(Reuters) - Cisco Systems Inc forecast revenue and earnings above Wall Street expectations as demand from government and enterprises for its network equipment remained resilient despite global economic troubles.
Analysts had expected conservative quarterly guidance, given the economic uncertainty.
The world's biggest networking equipment maker projected a 7 to 8 percent rise in fiscal second-quarter sales, translating to $11.13 billion to $11.2 billion in revenue -- matching or slightly ahead of the $11.14 billion expected, on average.
Excluding items, Cisco predicted earnings per share of 42 to 44 cents in the quarter, beating the average forecast of 42 cents, signaling its months-long turnaround was bearing fruit.
But CEO John Chambers, who kicked off a months-long overhaul of the company to save $1 billion through layoffs and asset sales, warned that global uncertainty persists and it remains tough to predict market conditions.

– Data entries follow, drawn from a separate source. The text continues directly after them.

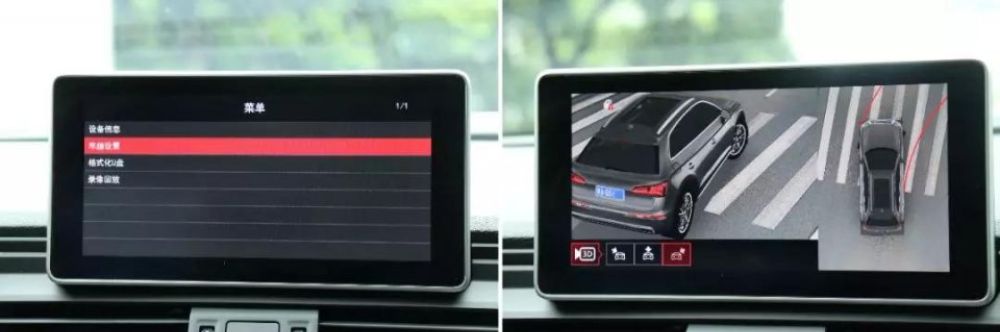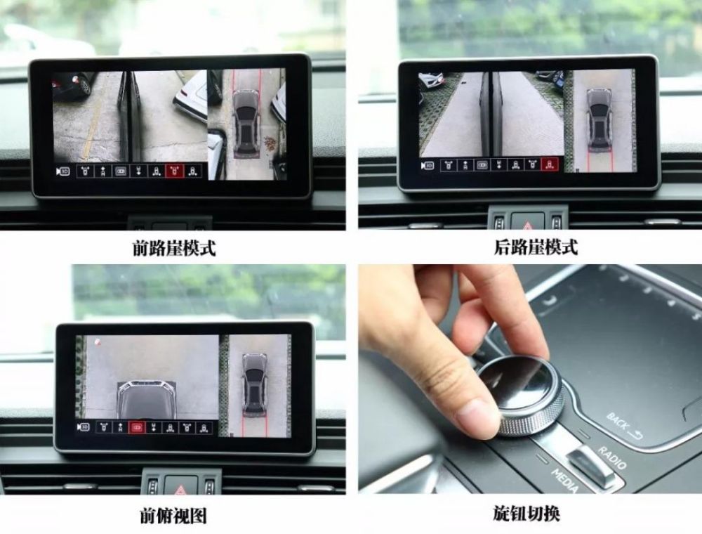 在打开360°全景界面后,右边画面显示车辆俯视图,直观清晰的看出车辆四周的情况。左边画面可以通过MMI触控板上的旋钮切换多达10种不同的画面,每个画面成像清晰,细节保留真实,可用度非常高。其中路崖模式适合非常狭窄的道路使用,不用再把头伸出窗外左看右看了。
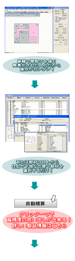 さらに新築用、リフォーム用など工法に合わせた積算根拠と受発注単価が設定済みですので初めてシステムをお使いいただく方でも『工法に合わせた適正な積算』が短時間でおこなえます。
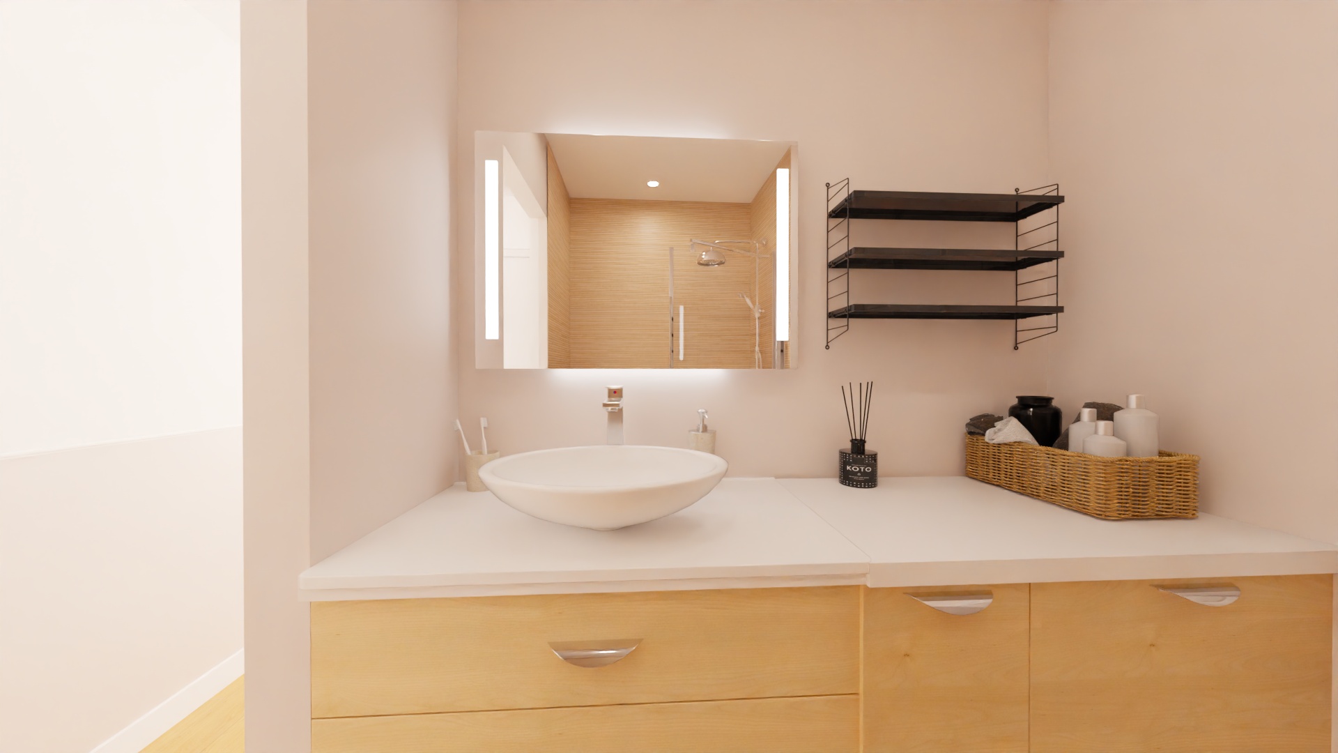 transforme ce rendu en dessin au feutre maintient le rose pale au mur
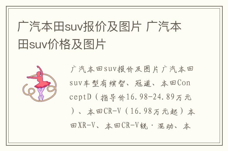广汽本田suv车型有缤智、冠道、本田Concept D(指导价16.98-24.89万元)、本田CR-V(16.98万元起)本田XR-V、本田CR-V锐·混动、本田UR-V。本田缤智现在的报价是在11.38-17.48万之间。本田缤智从外观方面十分年轻,很耐看。黑色烤漆的中网饰板加上镀铬点缀,与大灯组很好的连为一体,看上去整体感很强。隐藏式后门把手比较新颖,复杂的车尾线条增添了层次感。内饰方面本田缤智采用了本田家族标志性的非对称设计,可能有的人不会欣赏,但是的确别有意味。中控台上的塑料件显得有点廉价,仪表盘设计合理,看上去十分方便。冠道2017款 240TURBO 两驱精英版。参考价格20.50万。搭载的是1.5T193马力L4的发动机。变速箱是CVT无级变速。2017款 370TURBO 两驱精英版。参考价格25.88万。

"This report reflects solid execution by the company in a very challenging market environment," Ticonderoga Securities analyst Brian White wrote in a client note.
Cisco's shares extended gains after Chambers' comments, rising 4 percent to $18.30 in extended trade, after closing down 3.8 percent.
On Wednesday, Cisco reported quarterly earnings per share that beat estimates, signaling that efforts to revive growth are beginning to pay off.
The company on Wednesday reported adjusted earnings of 43 cents per share for the fiscal first quarter ended October 29, compared with the average analyst forecast of 39 cents, according to Thomson Reuters I/B/E/S.
Revenue rose to $11.3 billion from $10.75 billion a year earlier, versus the average forecast of $11.03 billion.
"We weren't expecting fireworks for this quarter. I knew the company would control costs efficiently and there's a little bit of revenue upside," BGC analyst Colin Gillis.
"What we still need is the guidance and we only hear that later on the conference call," he added.